Swerdlow: Asia-Pacific as a region is the fastest growing market for CBRE globally. Traditionally our largest businesses in this region have been in Japan and Australia. Our fastest growing business in this region and in the world now is India, which we set up in 1994. I expect India will eclipse both Japan and Australia, in size in the next five years.
More than half of our business in India comes from large multinational corporations outsourcing professional services related to buying, leasing or building commercial spaces in India. Not only do we secure transactions for them, but also do project management and manage the spaces for them once they are occupied.
Magazine: One thing that has changed for us in India is that apart from working with the MNCs we are also now working with many domestic companies that are expanding operations and looking at taking up more commercial space.
But the residential market in India has been struggling for a few years now. When do you expect that to turn around?
Magazine: It is true that the Indian residential market has been struggling but we are seeing the market showing signs of growth this year (2018), for the first time in five years. That doesn’t mean that prices have gone up (since a revival in residential real estate is almost always synonymous with firmer prices), but sales have picked up. Part of the reason for this is the promotional, financial subvention schemes offered by developers, which make these properties more affordable for buyers. Then there is also strong demand from end-users, who are more confident of coming into the real estate market due to regulations such as the Real Estate (Regulation and Development) Act (RERA) making it more transparent. The third reason is that many more projects are being launched at lower price points across the country, which makes it relatively more affordable. So India’s residential market should do better than last year.
What is your view on the foreign capital inflow into the Indian real estate sector and how is global investor interest in Indian real estate likely to shape up in the days to come?
Swerdlow: The entire Asia-Pacific region, along with India, is attracting a lot of global capital in real estate. You can see that here (in India) with global investors such as Blackstone, Brookfield and GIC having made substantial investments. People are increasingly seeing Indian real estate as a safe bet to invest in; as a market where one can invest and get a decent exit subsequently. Earlier, you could invest, but investors didn’t know where the exit would come from.
Magazine: As the Indian real estate sector becomes more transparent, India may get as much capital inflows as Japan and Australia. Blackstone is now the largest office landlord in the country and interest evinces by such global marquee investors has opened the doors to India for other investors. Good exits are also possible now due to Indian institutional investors also looking to invest into real estate. Also, whenever REITs (Real Estate Investment Trusts) become a reality in India, it can be a game changer if the first few to be launched meet with success.
Co-working spaces have become a big player in the commercial real estate market in India. Some of them are also looking to undertake facilities management services at the offices of large companies, which is something firms like CBRE also does.
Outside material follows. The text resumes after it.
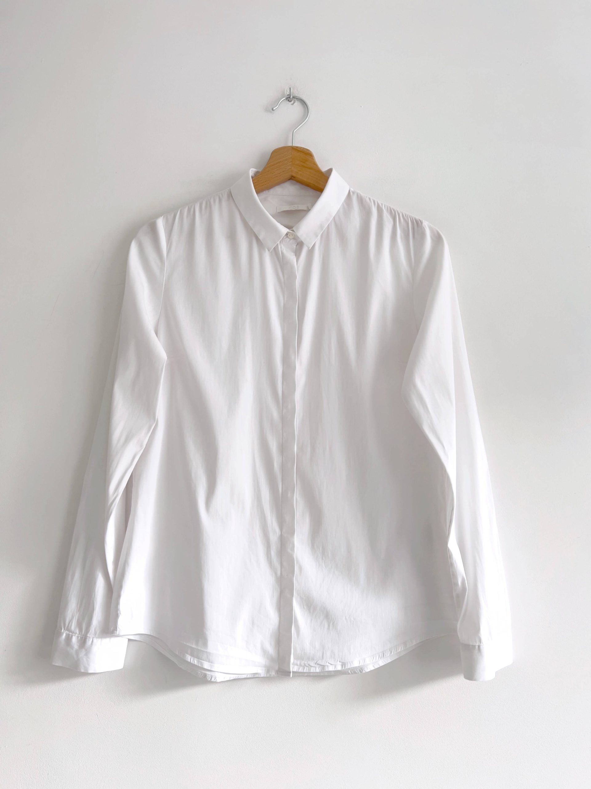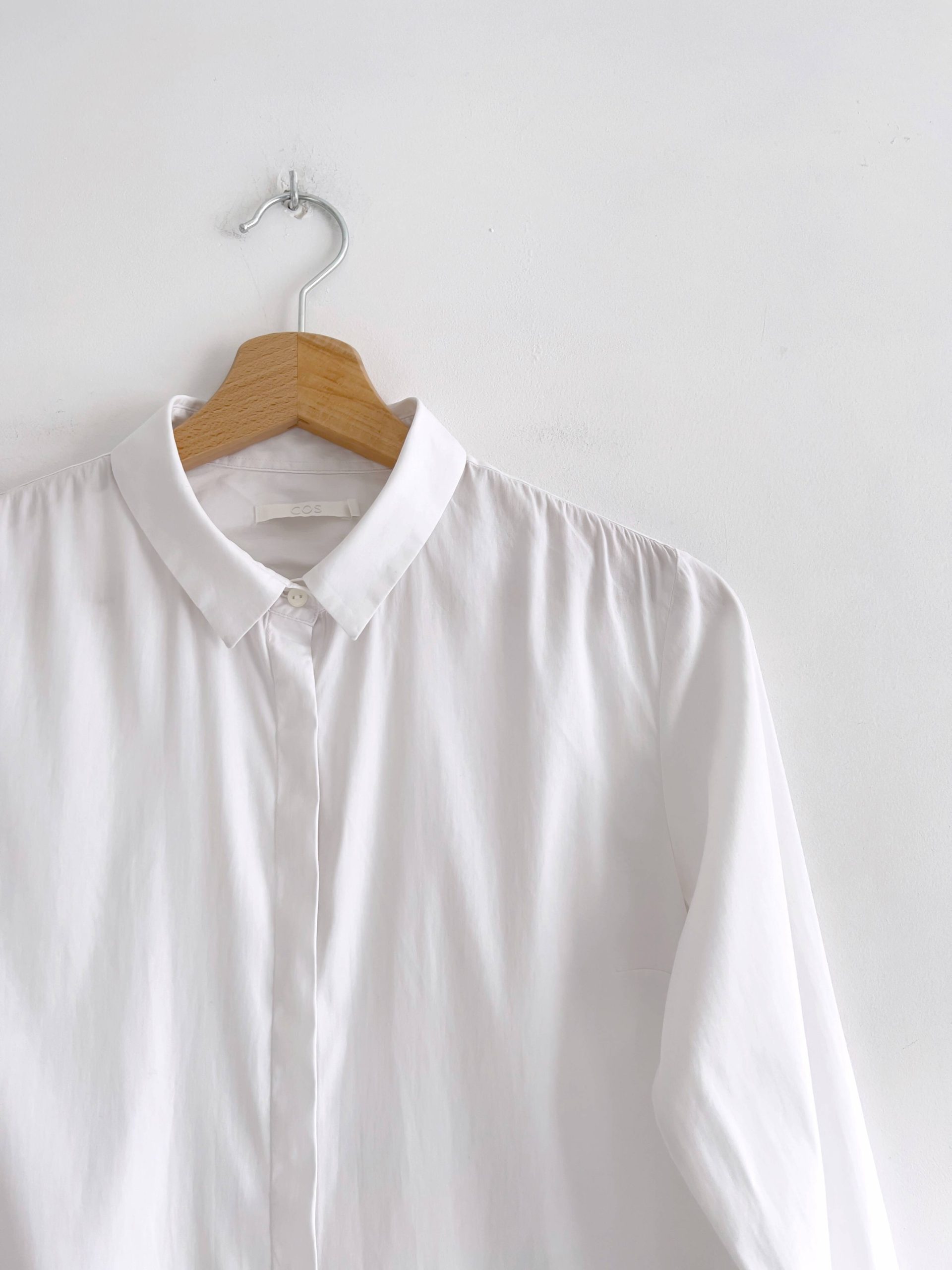 Kremowa koszula vintage z ozdobnymi guzikami i plisami na rękawach. Brak metki ze składem (prawdopodobnie poliester), materiał prawie nie gniecie się. Brak metki z rozmiarem, proszę sprawdzać wymiary. Bez wad.

How do you plan to deal with such competition?
Swerdlow: Co-working spaces are fueling a boom in commercial real estate everywhere. But the space they are taking up is still a small percentage of the overall commercial real estate market. They are clients of ours and we help some of them find spaces in markets like India and elsewhere. They are also competitors of ours at the same time and they are talking to some of our clients, for whom we manage spaces, to also manage a small portion of their space. They are doing this on an experimental basis. It is a good wake-up call for us and we now have a lot more aggression with which we are approaching the competition from these co-working spaces. We will do everything that will help enhance client experience and use app-based technology for this as well.
Magazine: We not only help co-working spaces acquire leased office spaces but also help fill those spaces by connecting them with companies that need such office space for their needs. We also do fit-outs for them as a part of our project management business, and in some cases also manage their facilities. There is a little competition from them, but that helps us be on our toes. For us, co-working spaces are more of an opportunity than a competition.